Question

The force of interaction between two atoms is given by $F=\alpha \beta \exp \left({\displaystyle \frac{-x^2}{\alpha kt}}\right)$; where x is the distance, k is the Boltzmann constant and T is temperature and α and β are two constants. The dimension of β is
A. $M^2{L}^2{T}^{-2}$
B. $M^{2}L{T}^{-4}$
C. $M^0{L}^2{T}^{-4}$
D. $ML{T}^{-2}$

Answer 1

Hint: In this question, we need to determine the dimension of β such that the force of interaction between two atoms is given by $F=\alpha \beta \exp \left({\displaystyle \frac{-x^2}{\alpha kt}}\right)$. For this, we will apply the dimensional formula in each of the parameters and evaluate the dimension of β.

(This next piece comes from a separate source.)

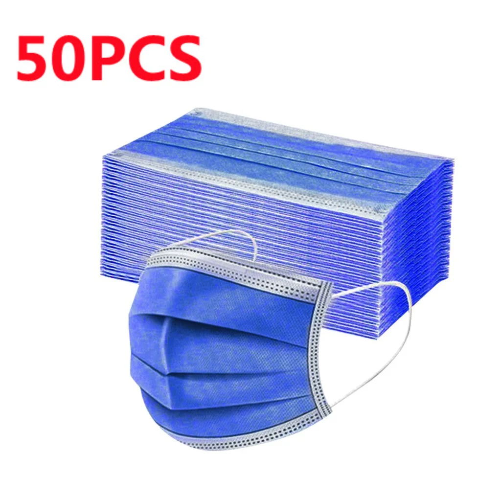 Маска одноразовая однотонная для мужчин и женщин, маска 3-слойная с петлями для ушей, Одноразовая, для косплея на Хэллоуин, 50 шт.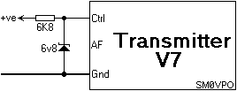 Given that R1 is connected directly to the battery supply voltage, if the battery voltage were to vary then so would the TX frequency. You should really be using a stabilised power supply, or a high-current battery that has a fairly constant supply voltage. If this is NOT the case then you can use the CTRL terminal to bypass R1, without making any modifications to the TX. All we need is an external zener diode and a 6K8 resistor. The Zener diode should be as high as possible. If you have a 12.5v supply, for example, then a 10v diode would be great. With a 9v battery then a 6v8 diode is about the maximum practical. 8v2 would be Ok until the battery voltage went down a bit. We will asume that +VE is a 9v battery.

Complete step by step answer:
‘x’ is the distance and so, the dimensional unit of x is L.
‘k’ is the Boltzmann constant whose dimension is given as $M{L}^2{T}^{-3}$.
‘t’ is the temperature and so, the dimensional unit of ‘t’ is T.
α and β are two constants.
The raised power of the exponential function should always be a constant value with dimensionless terms. So, here the terms that are raised to the power of the exponential function is $\left({\displaystyle \frac{-x^2}{\alpha kt}}\right)$ which should be dimensionless.
Dimensionless quantity refers to $M^0{L}^0{T}^0$. So, $\left[{\displaystyle \frac{-x^2}{\alpha kt}}\right]=M^0{L}^0{T}^0$
Substituting the dimensions of all the known parameters in the equation $\left[{\displaystyle \frac{-x^2}{\alpha kt}}\right]=M^0{L}^0{T}^0$ to determine the dimension of α.
$$\begin{gathered} \left[{\displaystyle \frac{-x^2}{\alpha kt}}\right]=M^0{L}^0{T}^0 \\ \Rightarrow {\displaystyle \frac{L^2}{\alpha \times M{L}^2{T}^{-3}\times T}}=M^0{L}^0{T}^0 \\ \Rightarrow \left[\alpha \right]={\displaystyle \frac{L^2}{M{L}^2{T}^{-3}\times T}} \\ \Rightarrow \left[\alpha \right]=M^{-1}{L}^0{T}^2 \end{gathered}$$

Hence, the dimensional unit of the constant $\alpha$ is $$M^{-1}{L}^0{T}^2$$.
Now, from the given equation we can write the dimensional equation as:
$$\begin{gathered} \left[F\right]=\left[\alpha \beta \exp \left({\displaystyle \frac{-x^2}{\alpha kt}}\right)\right] \\ =\left[\alpha \right]\times \left[\beta \right]\times \left[\exp \left({\displaystyle \frac{-x^2}{\alpha kt}}\right)\right] \end{gathered}$$
As, the dimensional unit of an exponential function is always 1 so, the above equation can be written as:
$$\begin{gathered} \left[F\right]=\left[\alpha \right]\times \left[\beta \right]\times \left[\exp \left({\displaystyle \frac{-x^2}{\alpha kt}}\right)\right] \\ =\left[\alpha \right]\times \left[\beta \right]----(i) \end{gathered}$$
Force is the product of the mass and the acceleration whose dimensional formula is given as $\left[F\right]=ML{T}^{-2}$. Also, we know the dimensional unit of the constant $\alpha$ is $$M^{-1}{L}^0{T}^2$$. So, substitute the dimension of $\alpha$ and F in the equation (i) to determine the dimensional unit of $\beta$.
$$\begin{gathered} \left[F\right]=\left[\alpha \right]\times \left[\beta \right] \\ ⟹ML{T}^{-2}=M^{-1}{L}^0{T}^2\times \left[\beta \right] \\ ⟹\left[\beta \right]={\displaystyle \frac{ML{T}^{-2}}{M^{-1}{L}^0{T}^2}} \\ =M^{2}L{T}^{-4} \end{gathered}$$
Hence, the dimension of the constant $\beta$ is given as $M^{2}L{T}^{-4}$.

So, the correct answer is “Option B.

Note:
Dimensions are the physical unit of the parameter. There are seven pre-defined dimensions in mathematics, based on which all the other measuring unit’s dimensions are defined such as Mass, ampere, length, temperature, candela, mole and time.